We keep doing this, till we have a single string.
We do the same process for reversed strings as well.
The result is the maximum.
I have done the reverse, because of cases like this:
aaa
aab
aba
Note : I got a partial 50 pts using this approach (sub task 1)
Here is another very similar approach.
Use a special trie, in this trie each edge is labelled using a digram(2 letters instead of one).
Now let’s say we wish to insert abcde in the trie:
From root follow edge ae then follow edge bd, Finally follow edge cc.
Do a DFS on this trie, the number of strings at the deepest level get combined first and strings with less common parts get combined later.

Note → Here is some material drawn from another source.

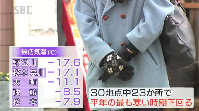 南牧村野辺山で氷点下17.6度…冬型の気圧配置で県内各地で冷え込み強まる 長野 2023年2月16日(木) 10:51 国内 16日朝の長野県内は冷え込みが強まり、各地で最低気温が最も寒い時期を下回りました。氷点下5.2度まで気温が下がった長野市では、厚手のコートやマフラーを身に着け、通勤や通学をする人たちの姿が見られました。…

@lines 48, 56 - @lines 50, 58 when k = m1 - 1 and k = m2 - 1, you’re trying to access elements v[m1] and rv[m2] whereas v and rv are m1 and m2 in size. Maybe you meant:
for (int k=0;k<m1-1;++k){
for (int k=0;k<m2-1;++k){
Here's a random testcase for which your program produces an incorrect output
9
zlvqv
mn
uzeskzil
dvvarlgvsq
i
efqisjyse
zsidjoj
zbmutdryj
vwj
correct response: 1
incorrect response: 0
EDIT: This submission of yours did not get a partial 50. This did and it too fails in producing the correct output to the same testcase I mentioned above.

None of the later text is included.